Core Varieties Analysis in Chinese Cucumber Markets
According to the international standards for identifying crop varieties (International Union for the Protection of New Varieties of Plants [UPOV], 2011), we fix a pairwise comparing matrix past calculating the numbers of differential SSR genotypes between each variety and the remaining ones; the missing genotype was treated equally aught. Fewer differential SSR genotypes indicated closer kinship with others. The top 10% of varieties with close kinship were considered core varieties in each group.
Results
The Novel Target SSR-Seq Pipeline
In this study, we adult a novel approach for SSR genotyping using a target sequencing technology called Target SSR-seq, which can be applied in genetic research, Dna fingerprinting, variety identification, and molecular breeding (Figure 1). This study tested the Target SSR-seq pipeline in cucumber, the genome of which is well assembled (Huang et al., 2009; Li et al., 2011). Start, we selected the candidate SSR loci to exist genotyped. Second, nosotros designed a multiplexed PCR procedure to capture target SSR regions in a plant genome. Then the Target SSR-seq library was sequenced on the loftier-throughput sequencing platform X Ten; each SSR region was sequenced for at least one thousand× coverage. To assay the repeatability of Target SSR-seq, positive and negative controls of PCR amplification were fix.
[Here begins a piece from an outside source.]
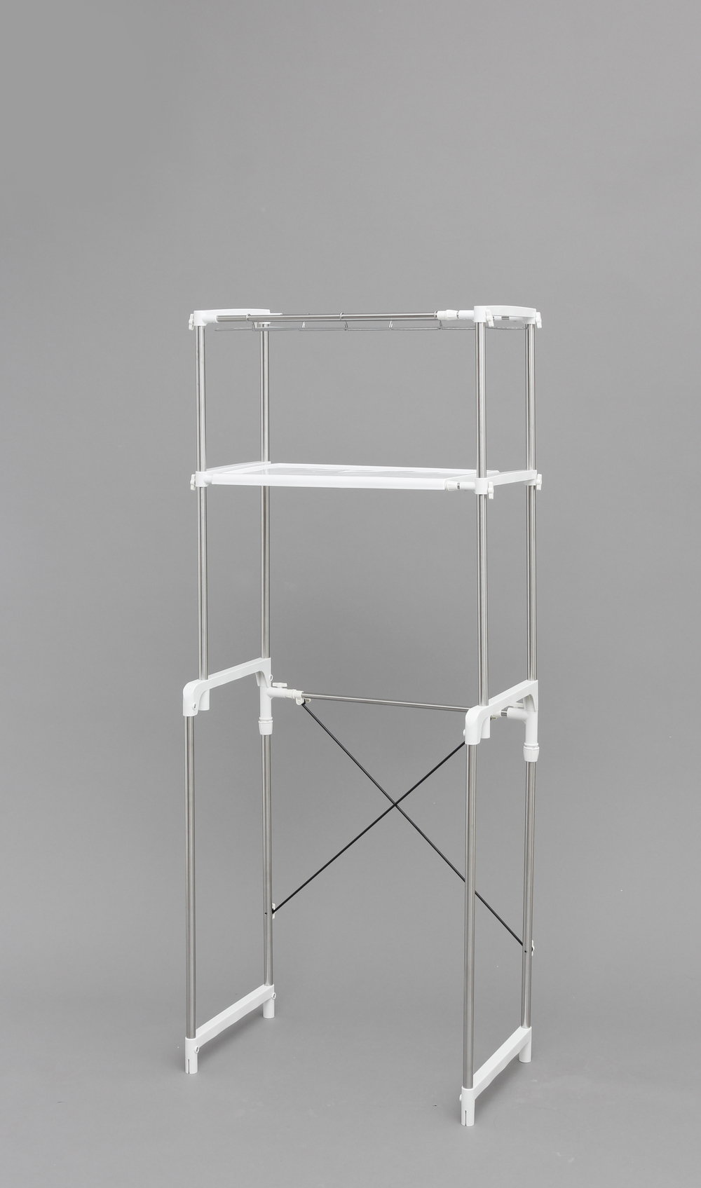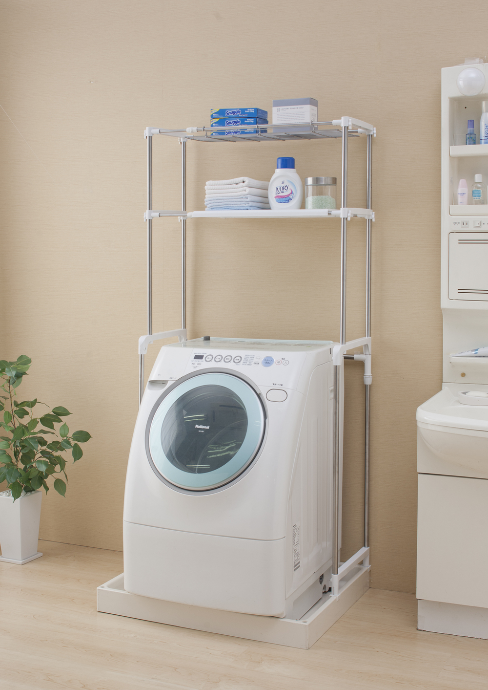 収納に困りがちな洗濯機周りを有効に活用できるランドリーラックです。メッシュ棚とフラット棚2枚付きです。組み立てが簡単で、洗濯パンの上に取り付けが可能です。サビに強いステンレス製です。false

The cucumber 9930 was ready as a positive control, and the pure water was used as a negative control in the Target SSR-seq experiment. The amplification and sequencing result showed that the genotype of 91 perfect SSRs was the same to that in the cucumber reference genome (9930 V2). While equally the negative control showed no PCR bands later screening in agarose electrophoresis. The positive and negative controls proved that Target SSR-seq could obtain reliable genotyping result.
Compared with existing methods for SSR detection, Target SSR-seq combined multiplexed PCR with target deep sequencing and was immediately capable of highly accurate SSR genotyping (Supplementary Tabular array S3). This new engineering successfully genotyped hundreds of target SSR loci in numerous samples within 72 h at a toll of $seven for each variety, which was more efficient and cost-effective than the previously reported Amp-Seq SSR technology (Supplementary Tabular array S3).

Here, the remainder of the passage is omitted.